Wenn ich nun versuche die Projektierung über Ethernet zu übertragen, findet er den PC nicht, bei erreichbaren Teilnehmern ist er vorhanden?
Ping und Dateifreigaben sind alle OK.
Wenn ich die Projektierung (pdata...) manuell aus dem Projektverzeichnis kopiere und am PC starte läuft alles.

Was muss ich ändern um das Projekt wieder normal transferieren zu können?


PS: Auf dem Panel PC ist nur die Runtime Advanced installiert über S7-Online. Kein Simatic Net.

Danke schonmal.
Gruß Franz


----------



## Blacky70 (9 März 2015)

Hallo Franz,
damit stehst du nicht alleine da. Ist bei mir auch so!!! Beim downgrade der Version vom Runtime PC auf 13.0 hast du die Datei Übertragung wieder da.


Gruß Ralf


----------



## dentech (9 März 2015)

Hi, das Problem hatte ich am Freitag auch so ungefähr. Mein Problem war ich konnte die Runtime nicht mehr per Ethernet erreichen. Hat geschlagene 2 Stunden gedauert bis ich dann auf die Idee gekommen bin, die Runtime auch auf den neusten Stand zu bringen.
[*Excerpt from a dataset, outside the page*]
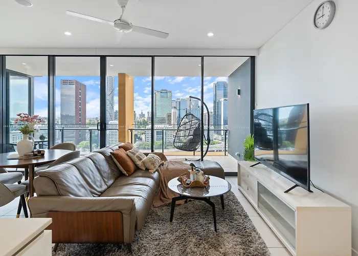 Doté d'une piscine et d'une terrasse, les appartements The Grand Panorama Riverside Escape With 3Bd Brisbane est situé dans le quartier "Sud-Brisbane" à 950 m du Monument aux morts de la place ANZAC. Bénéficiant d'un emplacement près de Brisbane Magistrates Court, la résidence spacieuse offre à ses clients un jacuzzi et un sauna.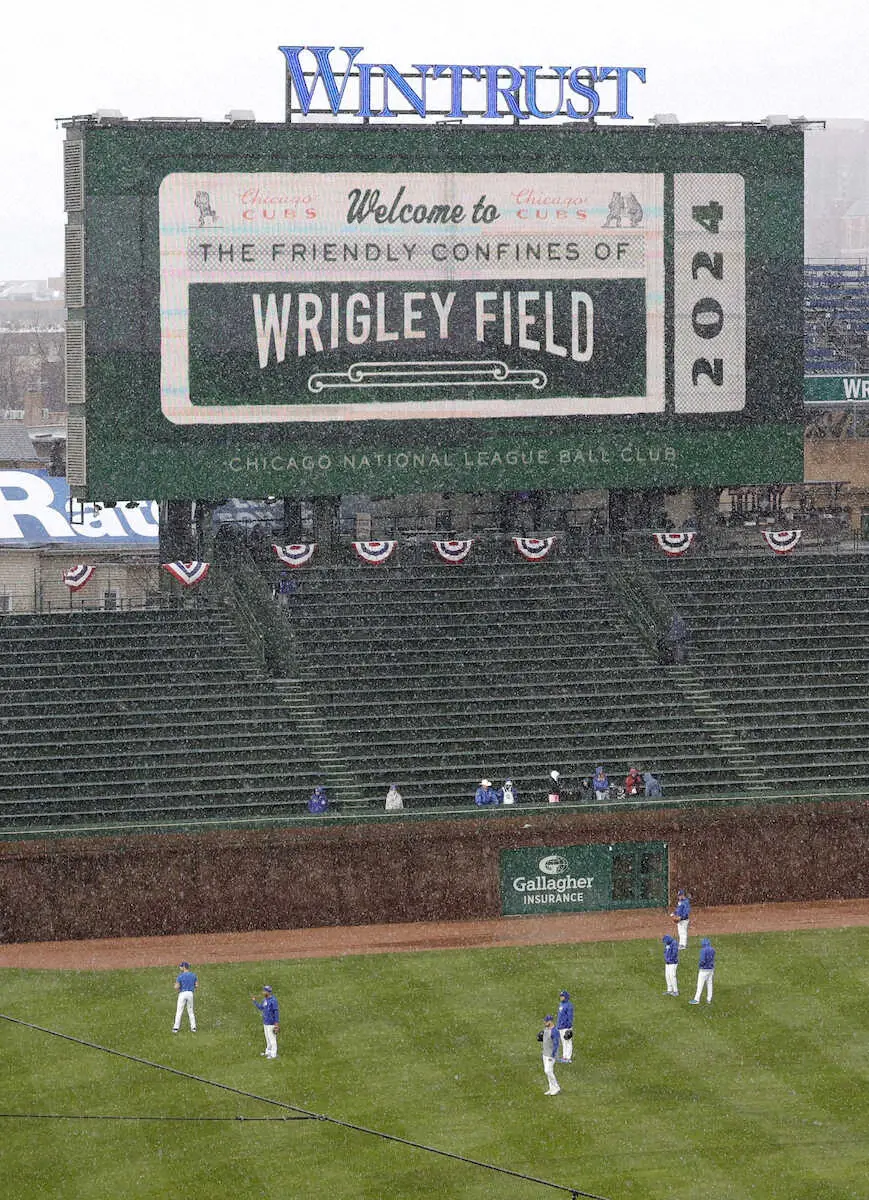 メジャーの長い歴史を感じながら、大谷が打席に向かう。開場は1914年。フェンウェイ・パークに次いで2番目に古く、外野フェンスにはツタが生い茂る景観。シカゴは風の強さから「風の街」とも呼ばれ、4月のこの時季は最低気温の平均が5度程度と極寒での戦いを強いられる。

Dann lief es bei mir.


----------



## fbf (9 März 2015)

Leider ist die Runtime Software auch auf dem aktuellen Stand. 
Identisch mit der Version der Projektierungssoftware.?.


----------



## Blacky70 (9 März 2015)

Wenn du keine Slideins oder Popups benutzt, dann wähle die Version 13.000 aus als Geräteversion in der RT , dann haste auch die Datei wieder da....


----------



## higlander (9 März 2015)

Tja, angeblich gibt es da kein Problem:

hier mal meine Korrespondenz mit dem Support:



> Inhalt der Anfrage
> ----------------------------------------------------------------------
> Produkt:             WinCC Advanced V13
> Betreff:             PC Station (IPC477D) mit WinAC RTX und WinCC Advanced V13 SP1
> ...



Antwort:



> Sehr geehrter Herr xxxxxxxx,
> 
> mit dem Service Pack 1 sind uns keine generellen Probleme in Bezug auf das Laden einer Runtime-Station bekannt. Nur der Transfer in Datei ist nicht mehr möglich.
> 
> ...



Hatte dann erstmal aufgeben weil die Zeit gedrängelt hat und meine TIA-Installation auf dem Projektierungsrechner gesponnen hat.

Werde die Geschichte aber mal wieder aufleben lassen da ich die neuen Features des SP1 brauche.


----------



## Blacky70 (9 März 2015)

He was für nen gutes Feature das man keinen Transfer in eine Datei mehr hat... WAS SOLL DAS????


----------



## Tris (10 März 2015)

Hallo,
ich hatte (habe immer noch) letzte Woche das gleiche Problem. Nebenbei ist das nicht mein erster IPC427D HMI/RTX.
Mit dem Herrn vom Support hab ich dann auch alle Einstellungen nochmal kontrolliert. Ohne Erfolg.
*"Lösung" ist ein "Workaround": Die Runtime auf dem Projektierungsrechner starten und im erweiterten Transfer die IP des Projektierungsrechners angeben. Dann den Pfad (Default: C:\ProgramData\Siemens\CoRtHmiRTm\HmiRTm\Projects\) öffnen und die Datei(en) kopieren* :sb2:.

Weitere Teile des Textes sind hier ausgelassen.